November 7, 1990 GMT

OMAHA, Neb. (AP) _ From his rural roots in southern Nebraska, Earl Benjamin ″Ben″ Nelson branched out on a career that led him to the Statehouse.

Nelson grew up in the small town of McCook, the son of a lineman for a power company. He became an attorney specializing in insurance issues and worked both for a private insurance company and in state government before deciding to campaign for the governor’s office.

At 49, he made it. He narrowly defeated Republican Gov. Kay Orr, but his margin of victory was so slim that the absentee ballots could force a recount.


Nelson had thought about the governor’s race in 1982 but said he changed his mind after one of his children’s teachers said it might not be a good time to put his family in the spotlight.

At the time, Nelson and his second wife, Diane, had been married two years. Both were widowed and each had two young children.

″It just wasn’t my time,″ he said.

Nelson has learned to be patient.

He had to wait 42 days after the May 15 Democratic gubernatorial primary before being named the party’s nominee in one of the closest races in Nebraska history. After a recount, the state Board of Canvassers declared Nelson the nominee by a 42-vote margin over Bill Hoppner of Lincoln.

Nelson has said he doesn’t believe it’s a hindrance that he has never held an elected office.

″It may be an advantage to come in from a business approach,″ he has said.

But his business ties to First Executive Corp. of California, an insurance holding company criticized for its involvement in high-risk securities known as junk bonds, became an issue in the campaign.

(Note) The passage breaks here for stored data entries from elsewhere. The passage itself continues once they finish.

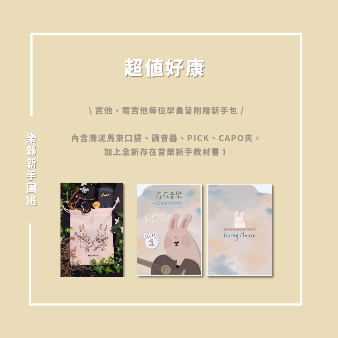 🎵 木吉他、電吉他團班皆附贈新手包(市價 700 元)、存在音樂新手教材書,
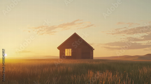 Solitary House in Sunset: A serene and isolated cabin stands peacefully in the middle of a vast field at dusk. The soft light from the setting sun bathes the scene in warmth.
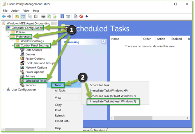 - This will open the Group Policy Management Editor, from the new window, we will want to traverse the directory until we get to the Scheduled Tasks section under Computer Configuration --> Preferences --> Control Panel Settings. Once there, right-click Scheduled Tasks, select New --> Immediate Task (At least Windows 7).

Nelson, who served on First Executive’s board of directors, said he was not responsible for the company’s management and its investment policy.

Nelson graduated from the University of Nebraska in 1963, then received a master’s degree in philosophy in 1966.

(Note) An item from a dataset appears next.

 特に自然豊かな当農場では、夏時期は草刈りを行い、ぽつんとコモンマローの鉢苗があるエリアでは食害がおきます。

He worked for seven years for the Consumer Division of the Nebraska Insurance Division, eventually becoming supervisor of compliance and enforcement.

After he earned a law degree in 1970, he worked for the Central National Insurance Group of Omaha until 1980, except for two years when he was state insurance director in then-Gov. Jim Exon’s cabinet.

He re-entered private law practice in 1981 and in 1982 became executive vice president of the National Association of Insurance Commissioners, an organization of state insurance commissioners.

He joined an Omaha law firm in 1985.